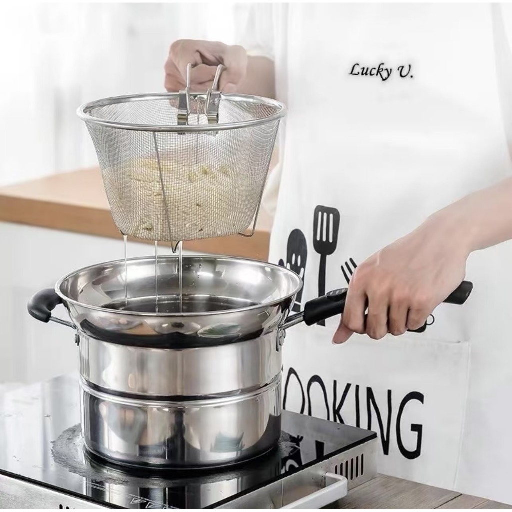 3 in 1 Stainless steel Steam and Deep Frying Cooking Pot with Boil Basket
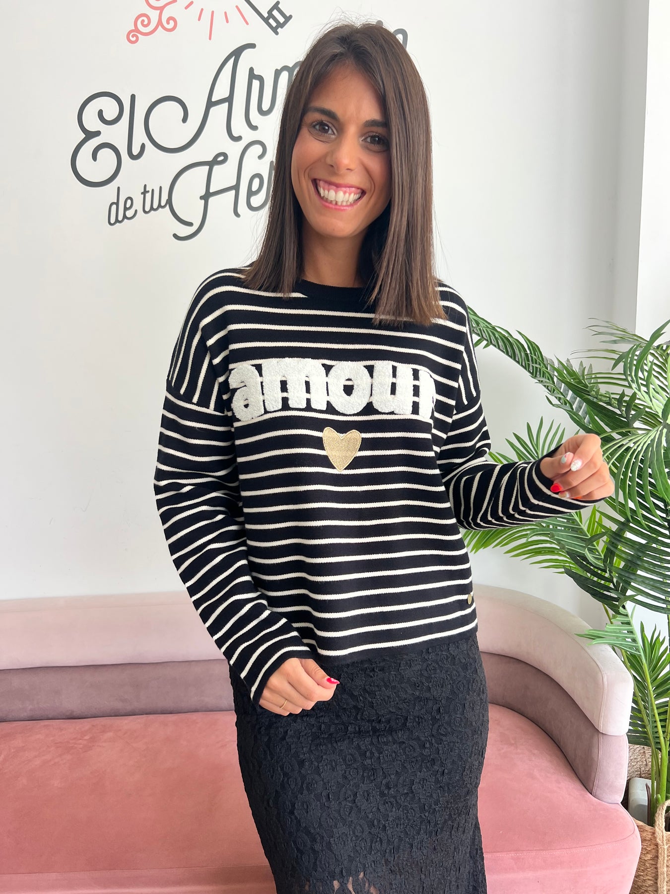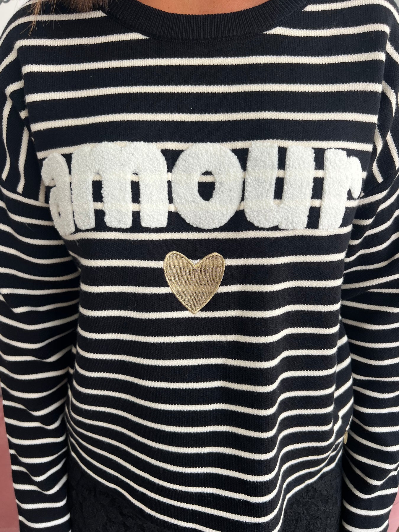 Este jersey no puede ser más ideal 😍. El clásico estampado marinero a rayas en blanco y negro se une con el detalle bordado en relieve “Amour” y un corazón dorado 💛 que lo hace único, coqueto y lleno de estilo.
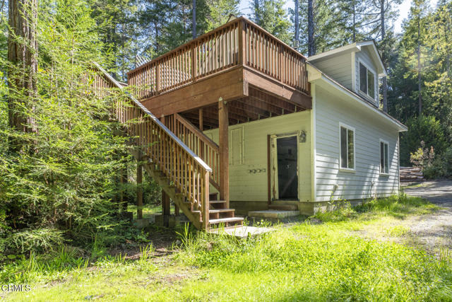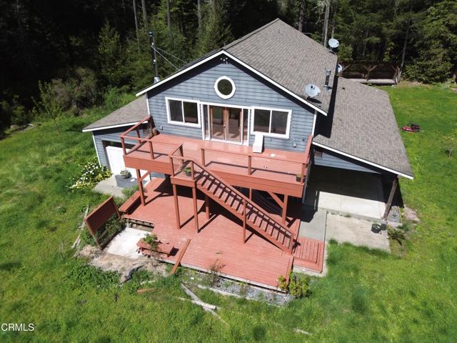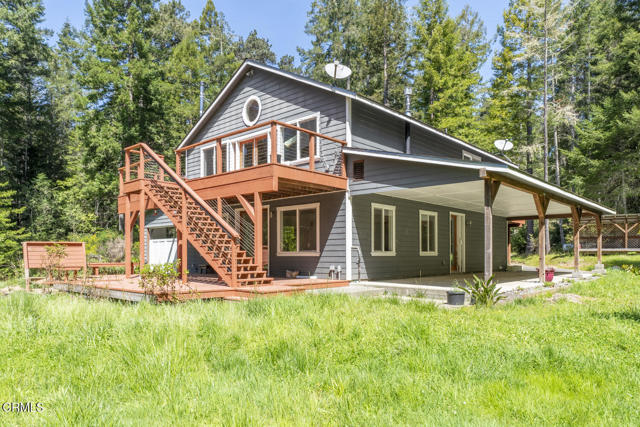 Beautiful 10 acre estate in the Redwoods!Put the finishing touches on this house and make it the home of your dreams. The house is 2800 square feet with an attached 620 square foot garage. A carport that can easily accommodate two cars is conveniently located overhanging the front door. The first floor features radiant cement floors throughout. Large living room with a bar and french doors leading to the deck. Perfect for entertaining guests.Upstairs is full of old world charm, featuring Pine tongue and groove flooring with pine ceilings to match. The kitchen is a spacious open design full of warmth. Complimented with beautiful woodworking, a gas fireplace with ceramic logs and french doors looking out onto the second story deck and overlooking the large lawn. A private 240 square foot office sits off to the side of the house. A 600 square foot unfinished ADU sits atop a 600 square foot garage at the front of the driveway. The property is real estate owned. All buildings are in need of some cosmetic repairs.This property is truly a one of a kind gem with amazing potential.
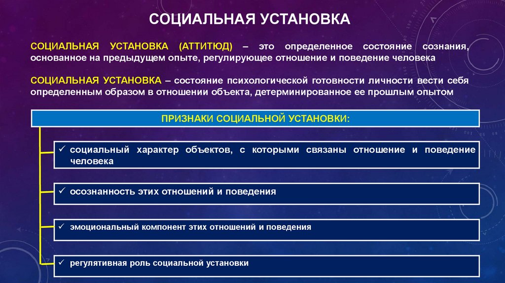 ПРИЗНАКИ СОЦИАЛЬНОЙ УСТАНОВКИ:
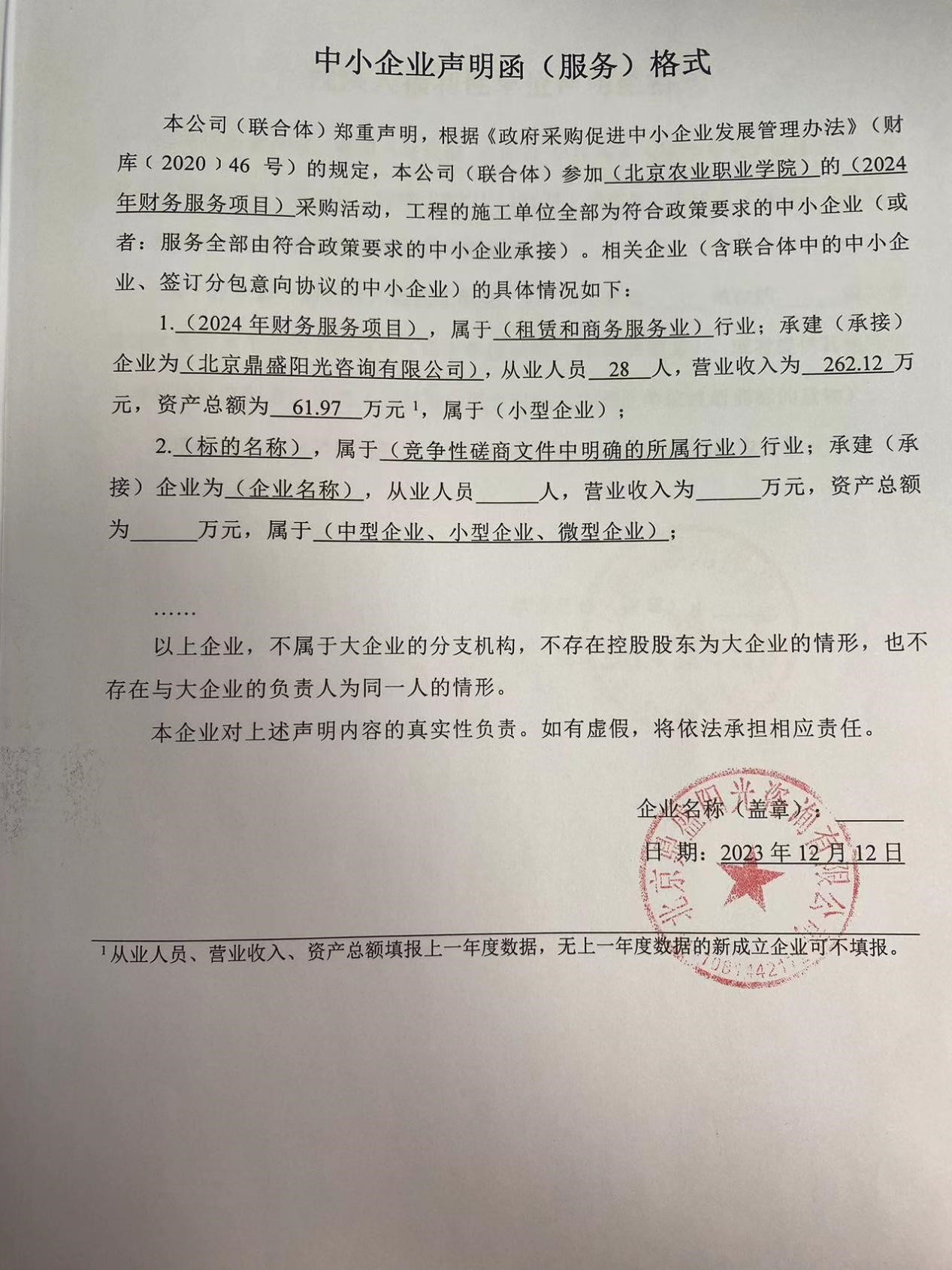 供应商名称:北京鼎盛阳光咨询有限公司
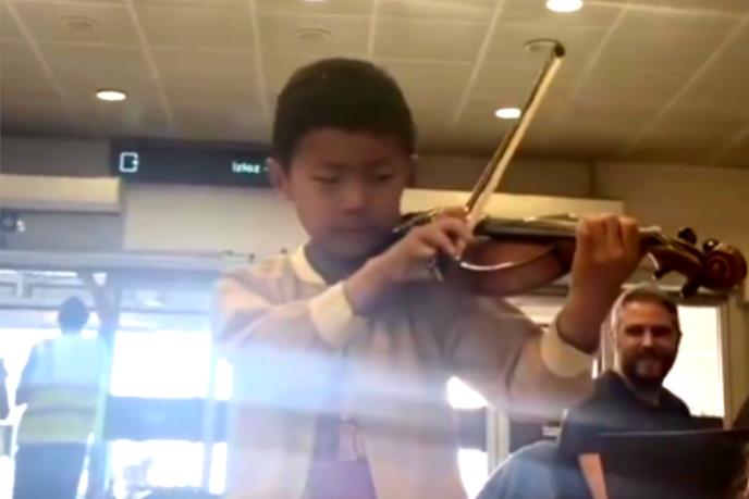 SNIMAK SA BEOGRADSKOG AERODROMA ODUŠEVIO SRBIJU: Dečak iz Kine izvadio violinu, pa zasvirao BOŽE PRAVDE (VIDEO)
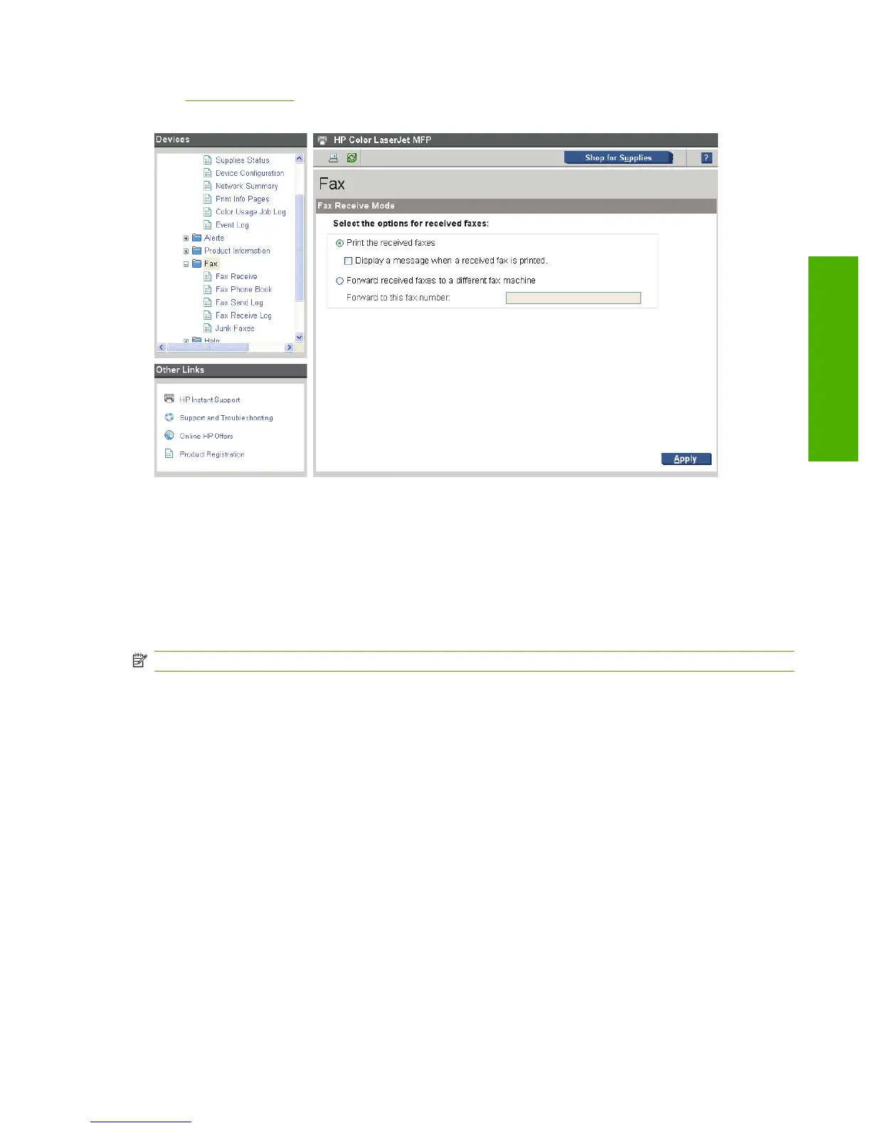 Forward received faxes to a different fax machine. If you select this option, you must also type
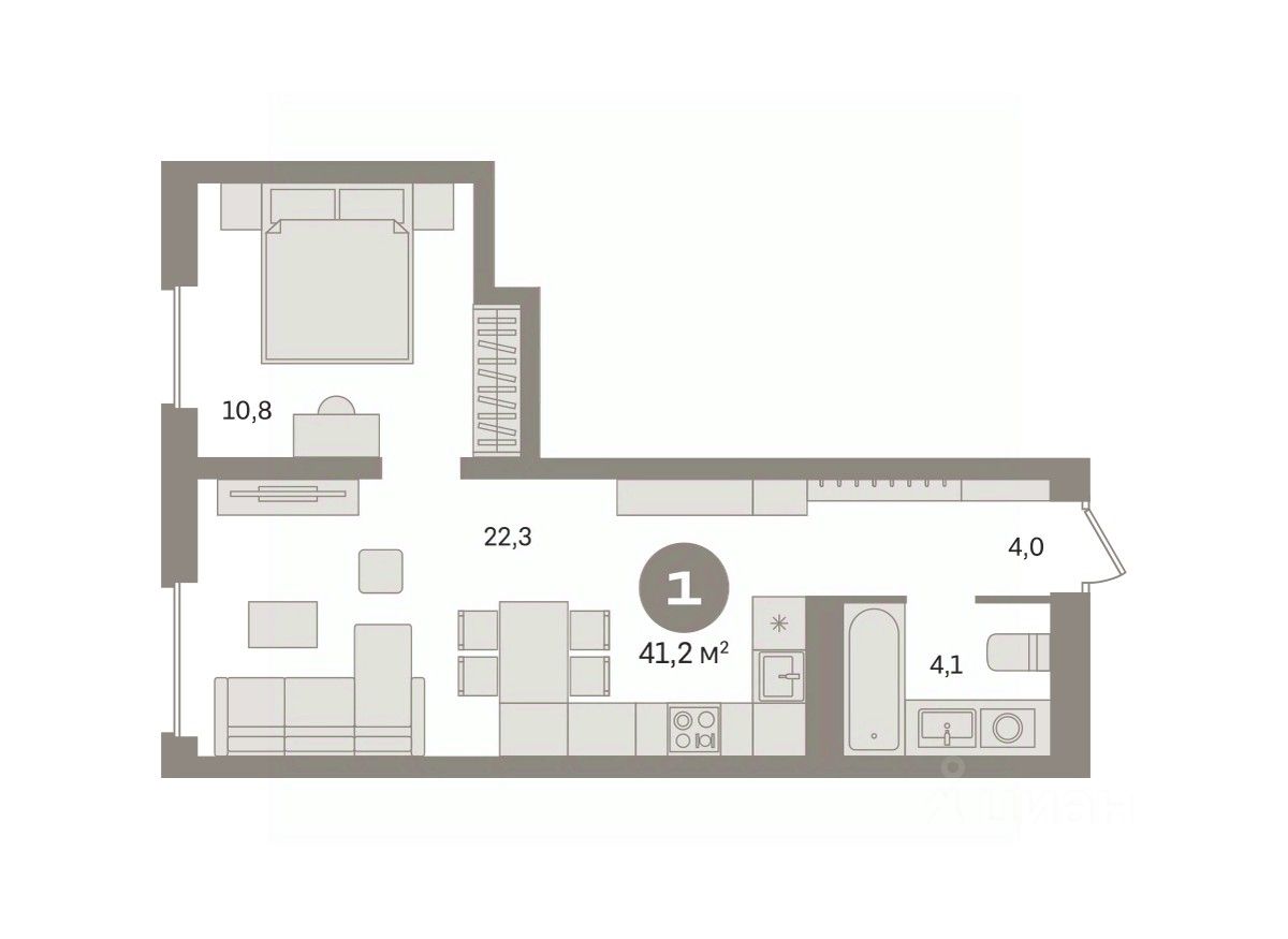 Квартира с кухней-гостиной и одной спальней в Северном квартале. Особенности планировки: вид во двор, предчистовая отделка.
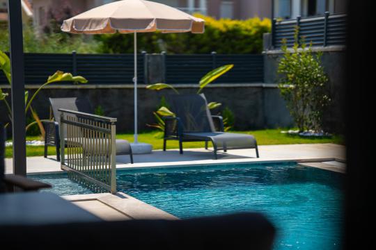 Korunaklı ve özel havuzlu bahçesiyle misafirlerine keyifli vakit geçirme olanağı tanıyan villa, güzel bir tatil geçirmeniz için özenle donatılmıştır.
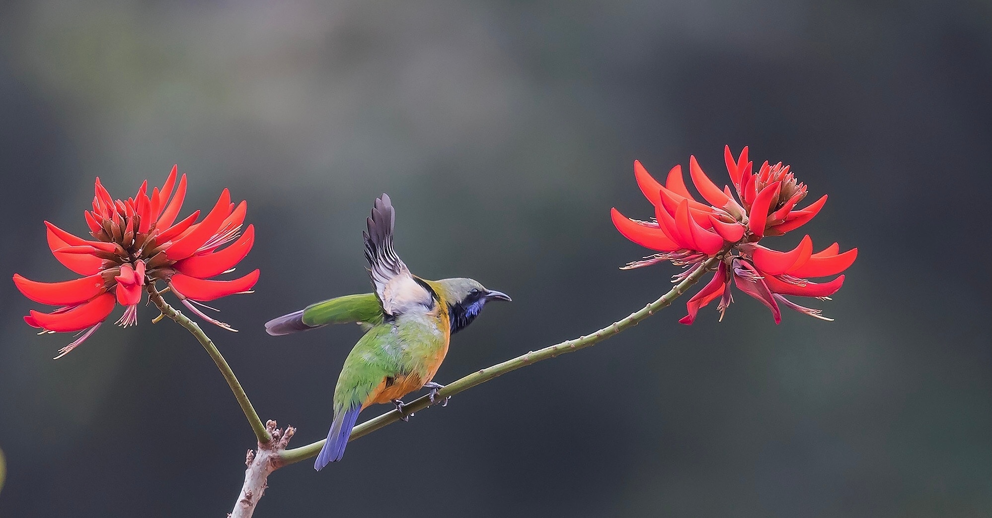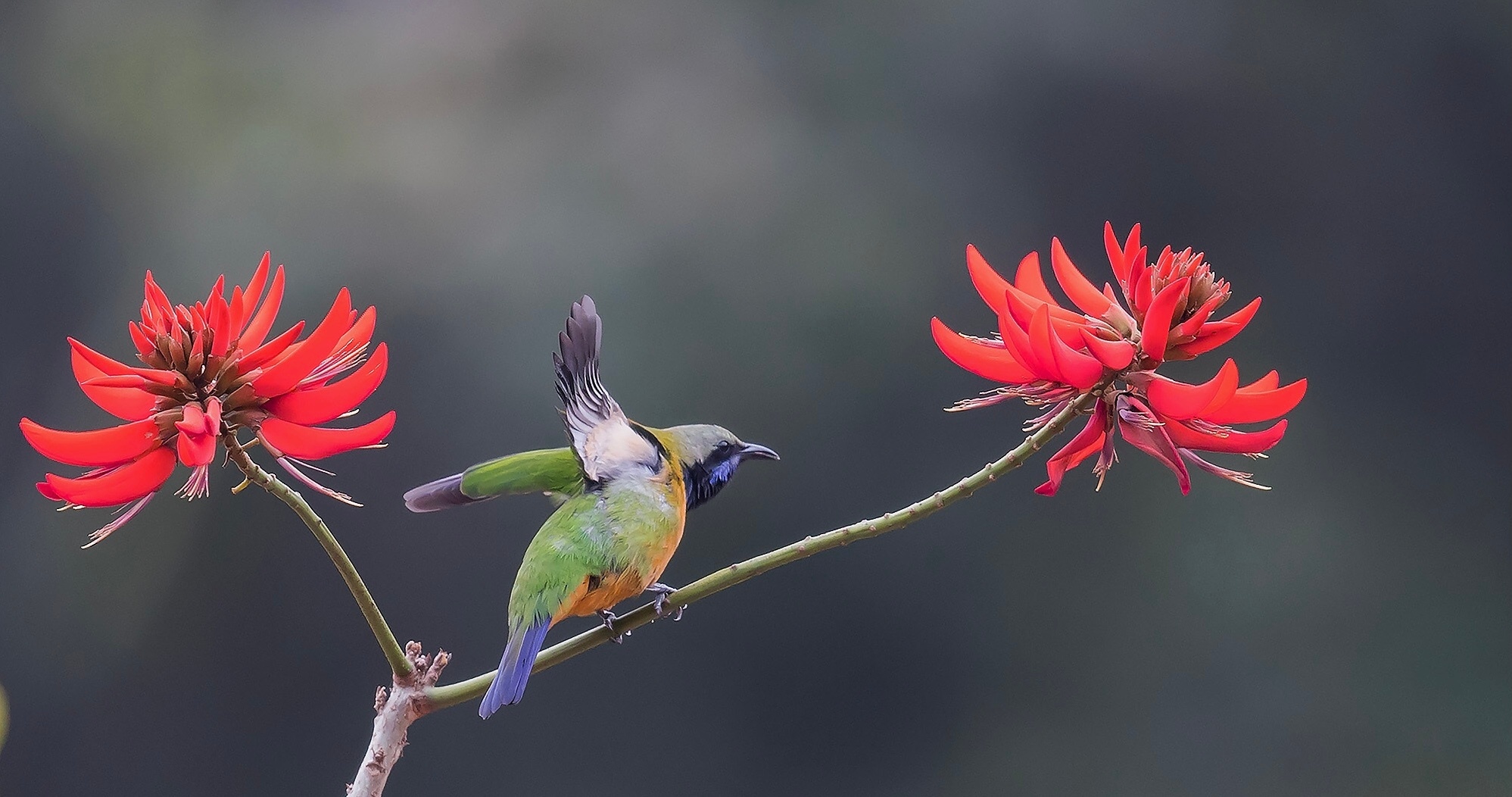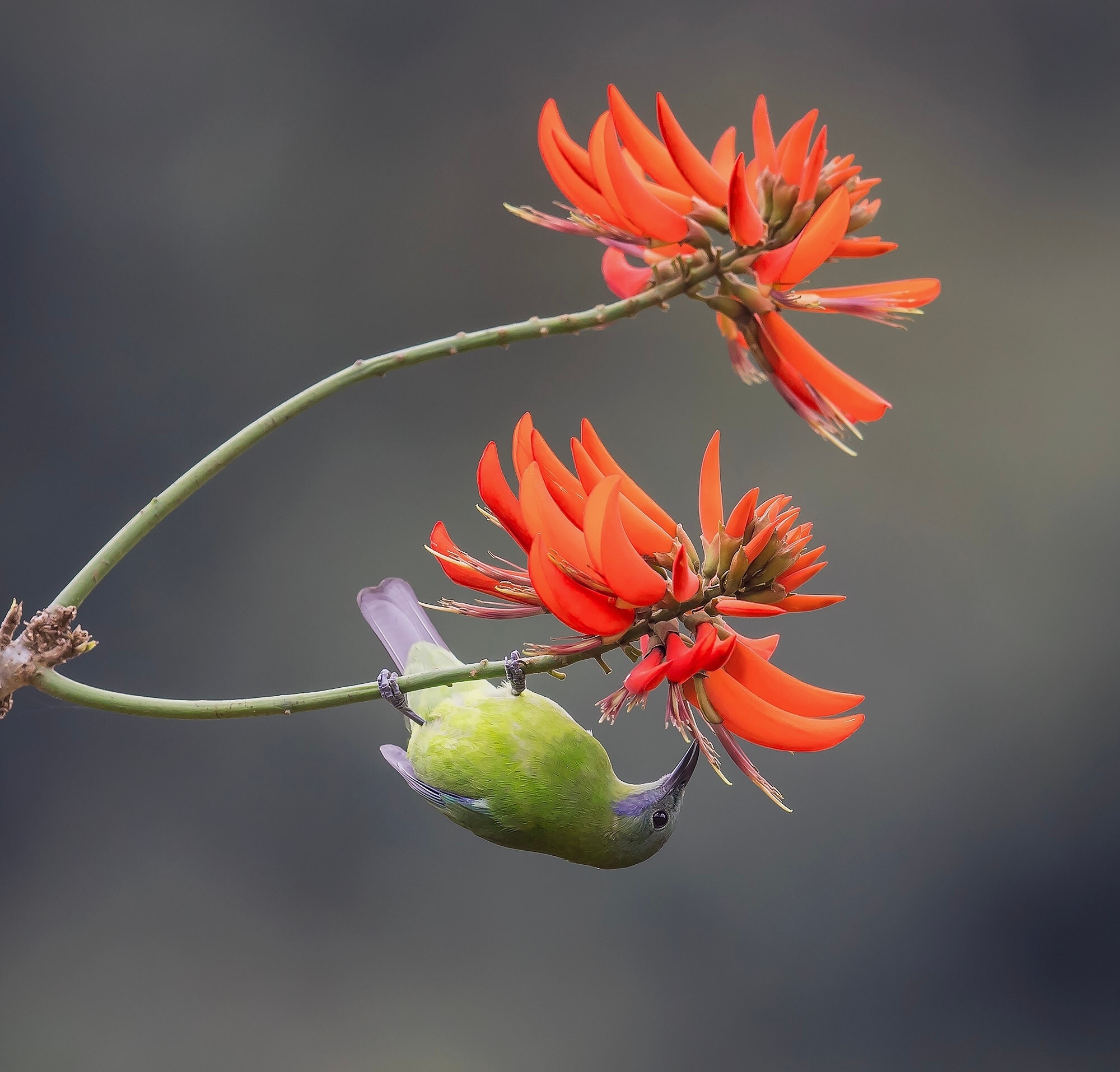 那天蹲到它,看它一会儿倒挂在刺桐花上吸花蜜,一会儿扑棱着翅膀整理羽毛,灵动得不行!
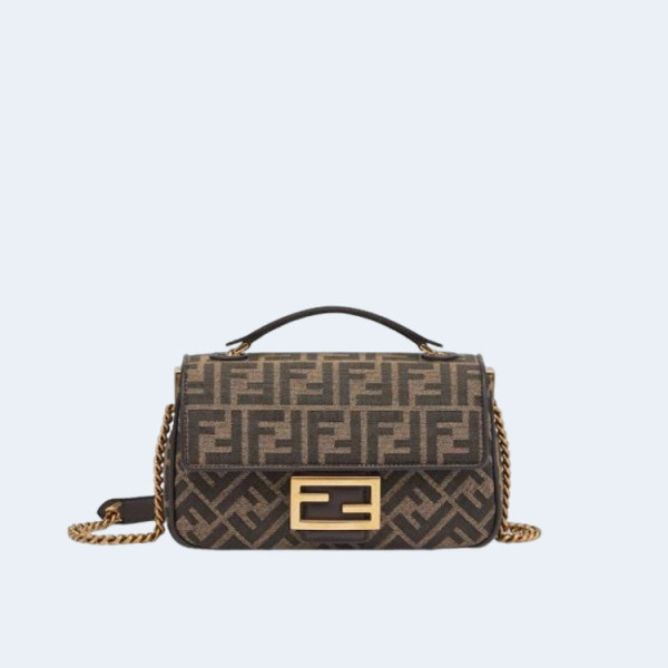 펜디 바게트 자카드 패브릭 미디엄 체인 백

• [Problem details]
Your task is to reproduce the entries above word for word, from the first line through the line with "Este jersey no", and please leave out any pictures.

• [Answer to this exercise]
 3 in 1 Stainless steel Steam and Deep Frying Cooking Pot with Boil Basket
 Este jersey no puede ser más ideal 😍. El clásico estampado marinero a rayas en blanco y negro se une con el detalle bordado en relieve “Amour” y un corazón dorado 💛 que lo hace único, coqueto y lleno de estilo.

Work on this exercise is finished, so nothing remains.